Words are powerful. Have you ever unwittingly altered the course of your life based on flippant statement from someone who mattered a lot to you? I have!

A new friend of mine told me a story the other day that reminded me of two very important lessons. One, words can impact someone far more than you may realize, so we all need to be mindful of what we say. Two, on the flip side, don't put so much stock in another person's careless words that you aren't true to the only voice that matters, your own!

This friend of mine grew up in a hispanic family in a predominantly white neighborhood. Around 6th grade, he began to be aware of the differences between him and his classmates. Everyone would show up with PB&J in their lunch boxes, and he would have a burrito. His parents cut and styled his hair differently. And most of all, he spoke English at school and Spanish at home. As he was pulled between worlds, he acclimated more to speaking English most of the time, and his Spanish began to slip away. But he still spoke it nearly fluently with his family. One day, his mom had a friend over for dinner. This boy went to butter his bread and asked the friend to "pasar la manteca", which translates to "pass the lard". "Pass the butter" is "pasa la mantequilla". His mom's friend thought this was hilarious and poked fun at him the rest of the night. It was a difference of a few syllables, but at a tender age, this shaming of his Spanish made him feel so humiliated and angry that he gave up speaking the language. Now, as an adult, he confided in me that he is not bilingual and so wishes he was! He laughed, explaining the trivial moment that eventually led him to speaking almost exclusively English.

Can anyone relate? I know I can! I knew since I was 8 years old and performed in my first play that acting, theater, singing and dance were my calling. Nothing else ever made me feel so alive before or since! All through my childhood, though, people told me consider other more "practical" options. I still planned to get my BFA, preferably in the Big Apple.
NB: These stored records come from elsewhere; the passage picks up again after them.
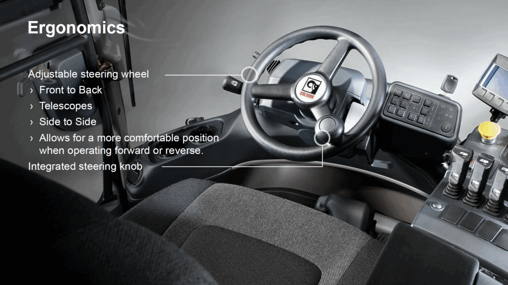 Digitální řídicí jednotka zobrazuje klíčové provozní údaje i chybové hlášky přímo na displeji, což zkracuje servisní zásahy a minimalizuje prostoje. Díky telematice Kalmar Insight lze sledovat stav flotily v reálném čase, plánovat údržbu a optimalizovat využití strojů.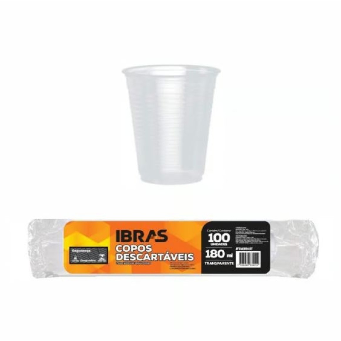 COPO DESCARTÁVEL TRANSPARENTE 180ML - 100UN - IBRAS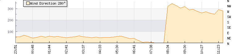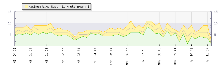 In the last few minutes the wind was Westerly at an average speed of 6 knots, reaching up to 9 knots and a low of 3 knots. The gust strength is6 knots above the minimum speed |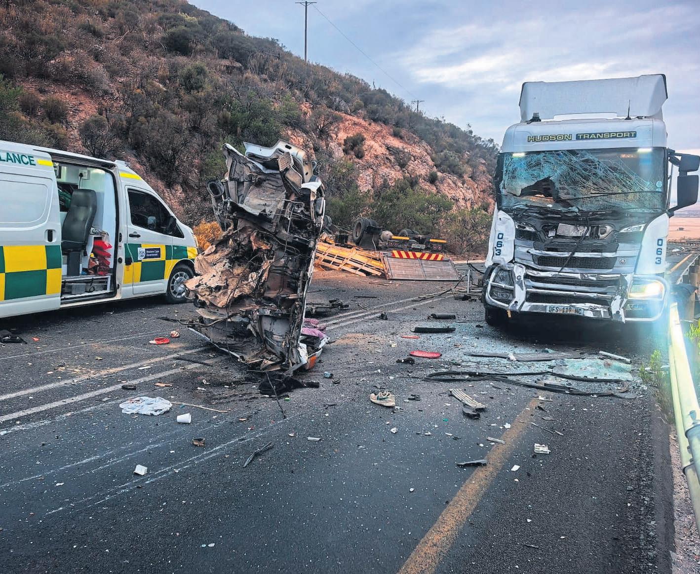 ’n Tragiesebotsing op diePiekenierskloofpas het op Sondag8Februarie omstreeks05:45opdie N7 plaasgevind. Volgens kapt.Tania Helfrich, ’n woordvoerder vir die Weskus-polisie,het twee voertuiereg van voor gebots. Die bestuurder vandie Scania-vragmotor het aan die polisie vertel hy wasvan Piketbergafop padnaCitrusdal. Toehyom’ndraai vandie paskom, het hy ’n witIsuzu-bakkie gesien watomgeslaan oor diepad geskuur en regvan voor teen sy voertuig gebots het.Albei insittendes in die bakkie is op die toneel dood. Dit is bevestig dat dieinsittendesnie vandie Weskusstreek wasnie,maar vandie Noord-Kaap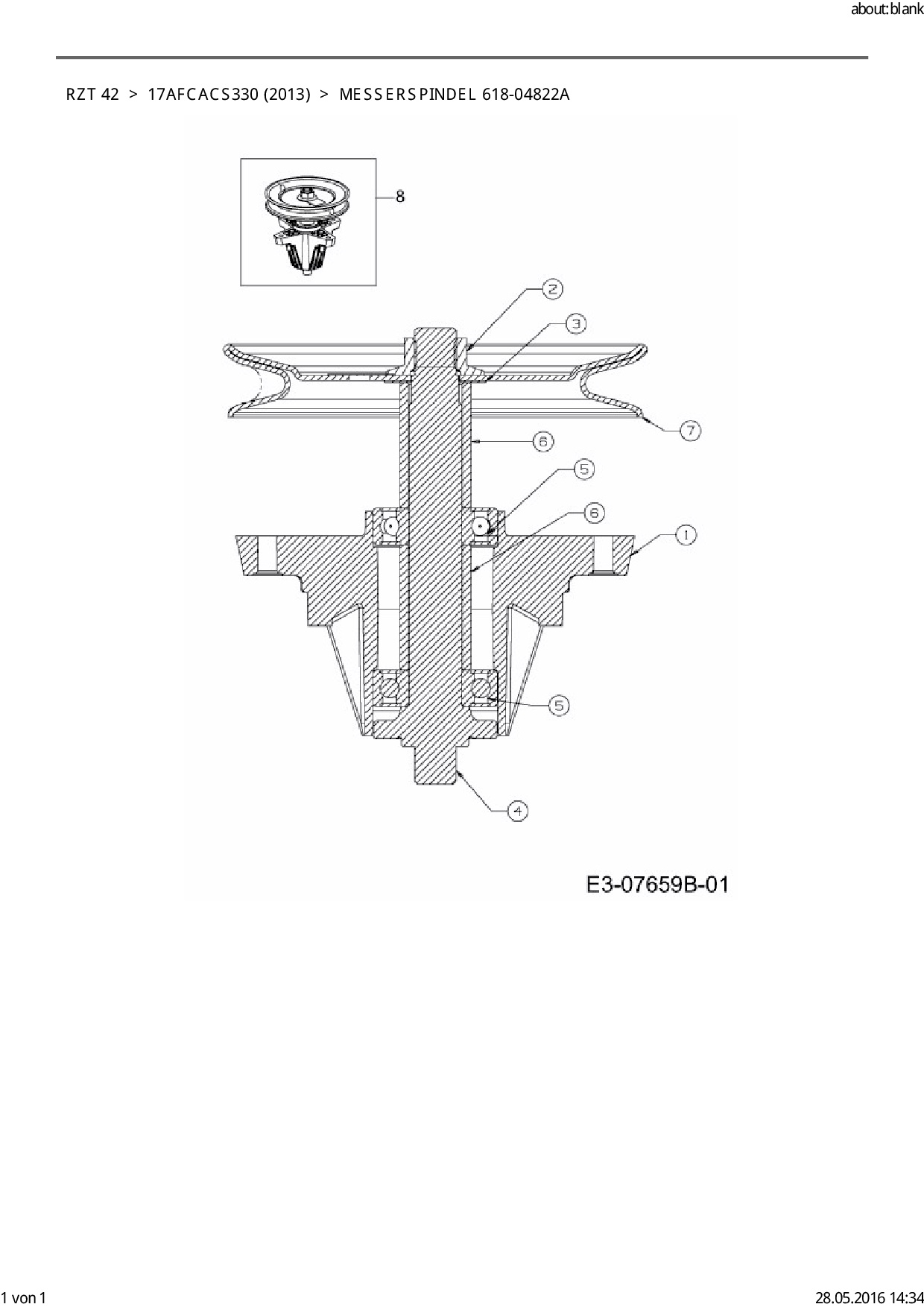Ersatzteile für Zero Turn Cub Cadet RZT 42 aus der Zeichnung Messerspindel 618-04822A:

Like my friend, I was going through a tough patch when critical words came. Family dynamics were rough when I was in high school. I moved out of the house a couple of times, and was desperately trying to find myself in many ways, healthy and otherwise. But I still planned to go to college for my BFA in musical theater. I had a few college auditions scheduled and went to a trusted music teacher for coaching. She worked my audition song with me and at the end of our rehearsal shrugged and said, "Well, you're a really good actor." I was crushed. I so badly needed someone's assurance in that rocky time in my life. But her words undermined what tiny confidence I had in my singing. The same thing happened when I rehearsed my acting audition scene with an friend. He had already gotten in to Julliard on early decision, and took the opportunity to be harshly critical of my lack of process. Between the two of them, I basically threw in the towel before I even gave it a shot. I went to my audition at Emerson, felt that I totally tanked, cancelled the rest of my auditions and submitted an application to Ithaca College and accepted their offer to study communications. I later found out that I had been wait listed at Emerson. And ever since I have wondered, what if I had actually given it my best shot, instead of letting my confidence be undermined? What if I had unabashedly chased after what I wanted without letting other people's negativity bring me down?
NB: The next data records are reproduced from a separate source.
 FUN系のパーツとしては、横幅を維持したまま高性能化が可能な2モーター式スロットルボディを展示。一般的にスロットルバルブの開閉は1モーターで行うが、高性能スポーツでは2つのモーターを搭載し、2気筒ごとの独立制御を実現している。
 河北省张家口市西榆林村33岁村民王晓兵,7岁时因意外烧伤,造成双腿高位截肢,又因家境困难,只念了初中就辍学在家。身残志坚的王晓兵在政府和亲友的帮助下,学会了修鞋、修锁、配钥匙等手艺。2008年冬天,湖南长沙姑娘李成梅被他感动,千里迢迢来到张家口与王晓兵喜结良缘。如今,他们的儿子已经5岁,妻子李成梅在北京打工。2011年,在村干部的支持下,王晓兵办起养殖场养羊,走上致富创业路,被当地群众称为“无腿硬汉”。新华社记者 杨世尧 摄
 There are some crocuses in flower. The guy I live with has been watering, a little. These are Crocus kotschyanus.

And here comes the last lesson. It's never too late! People will always say dumb, mean, ignorant shit. And there will always be reasons to sit on the sidelines of your dreams. But even if you have benched yourself for a while, it's not too late to get back out there and go for it! Whether the voices dragging you down are your own, your parents', teachers, friends, critics or a combination of all the above, spend a moment in quiet meditation. Does your heart still long for that one thing? If so, then don't let anyone tell you it's not yours for the taking! Don't waste time regretting choices. Every choice you made led you to where you are, and for better or worse, you can choose to see it as a beautiful path. Now go brush up on Spanish! Or sign up for karate class. I might just get my MFA one of these days (who needs a BFA anyways?). Take steps towards your dreams. You may "make it", you may not. But living on that path sure beats denying yourself the climb. Live each day knowing that you are enough - no matter what. And take everyone's nay saying with plenty of grains of salt. They probably don't even mean it.

I hope this post has been inspiring, uplifting, and not overly cliche. I enjoy sharing my epiphanies on the human experience.